I do think the US is quite different from Europe –of course I can only speak for Germany, and the PhD and research culture is probably also quite different between European countries – but the funding and school system in the US is really different from what I experienced. Having said that, the transition was not very difficult for me. My PI here in Texas is also from Germany, and he’s very supportive, as are all my colleagues. Working in the lab is not so different and I’m not involved in teaching at the moment so I don’t have to adapt to that. Plus, there are a lot of international postdocs working at the university, which is great. I like the mix of cultures and learning about other people’s home countries.

Moving from research to preprinting – what made you want to get involved with preLights?
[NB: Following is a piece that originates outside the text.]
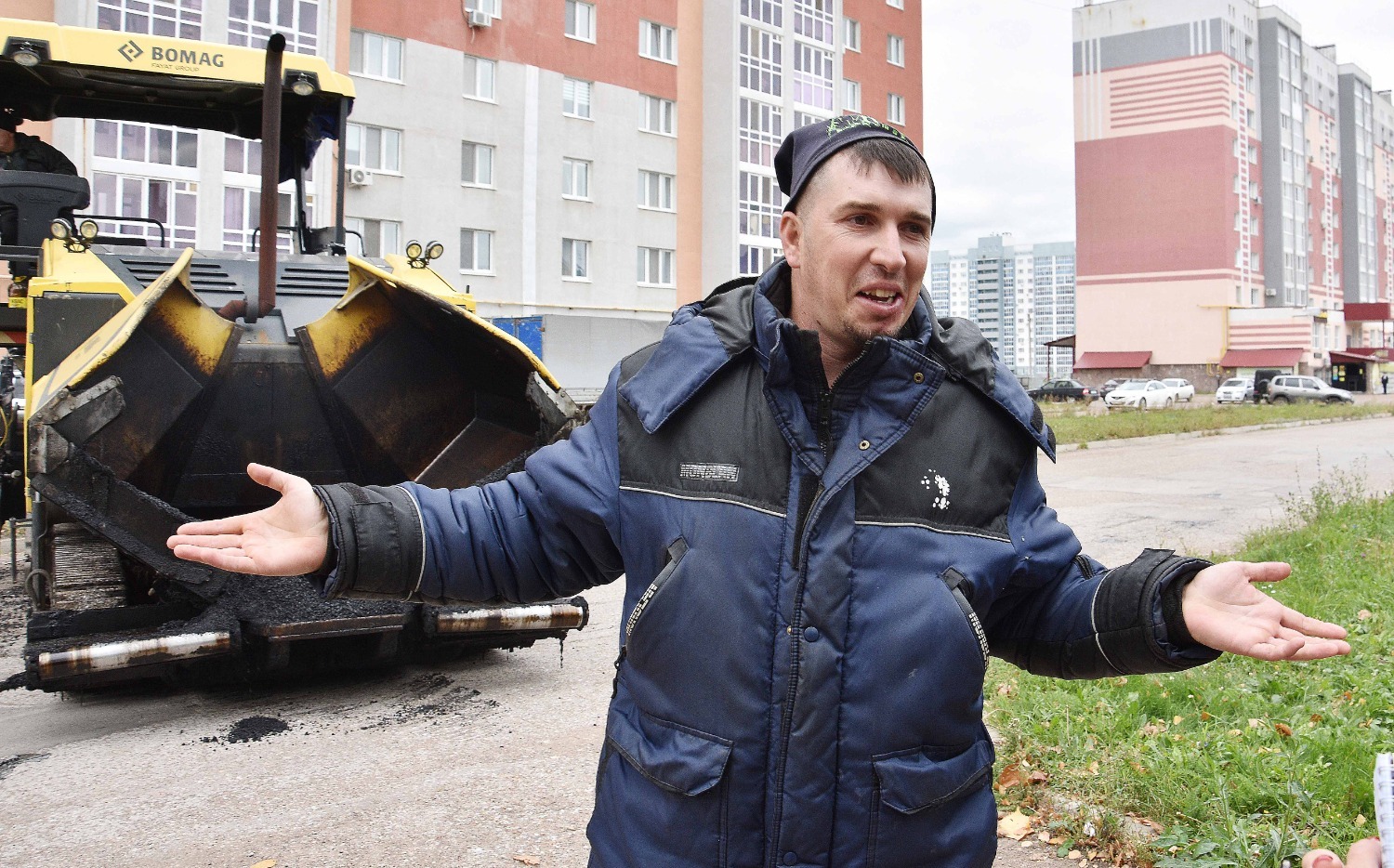 В подтверждение своих слов демонстрирует работу дорожников и заочно знакомит с каждым специалистом: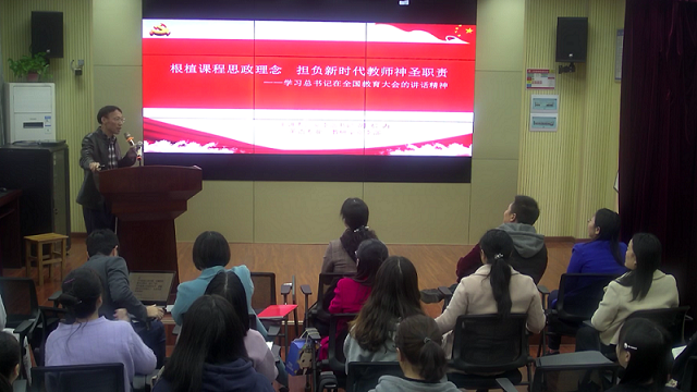 胡书记的党课围绕“学习习近平总书记全国教育大会讲话精神”、“新时代教师的神圣使命与担当”、“课堂根植思政理念”三个主题展开。胡书记首先宣讲了习近平总书记在全国教育大会的讲话精神、指导思想和主要任务。接着,他以自身30多年教龄的亲身经历说明教师是立教之本、兴教之源,建设高素质专业化教师队伍,就要把习近平总书记的要求落到实处。最后,他向党员们分享了英语专业课程如何落实思政理念的探索。

I learnt about preLights from my colleague Theresa Pohlkamp, who was also involved in preLights. She knew I was interested in science writing and editing, and as soon as she introduced me to preLights I liked the concept and thought that getting involved would be a good opportunity to do more science writing. In general, I really like the idea of preprinting too – sharing your data and encouraging communication between scientists is so important.

Do you get a positive response from authors when you get in touch with them about their preprints?

Yes, I really like getting in contact with the authors to ask them questions about their work. I think it’s a really good opportunity to make connections and reach out to people that you might not have spoken with if it weren’t for writing a preLights post.

You often offer helpful comments and feedback on other preLights posts before they go online. What motivates you to do this?

I think it’s both the fact I enjoy reading about research in different fields, and that I really like reading and editing! I like to get comments on my own writing and think it helps me a lot, so I’m always happy when other people provide me with feedback and I want to give that back. In addition, I read a lot of work coming from different fields – so maybe I’d read the preprint anyway, but I’m happy to read the preLights summary in the virtual editing room as a way of helping others.

Given your interest in science writing, is science communication something you’d like to focus on in the future?

I think I’d like to go in the science communication direction in the future, and I’m trying to gain more skills and experience in that area. A role in science writing or editing would be great, and ties into the writing and feedback I try and provide for preLights.

And to finish – what’s something surprising about you?

Given that I’m a preLighter and really enjoy writing, it might be surprising to learn that in middle school I was quite a bad English student. I didn’t like reading or writing, but then overnight it completely switched, and I became a good student! I don’t know what caused it, but I started to enjoy reading and writing. I hope that might give encouragement other people who don’t love writing – I went from being a bad student to a really passionate writer!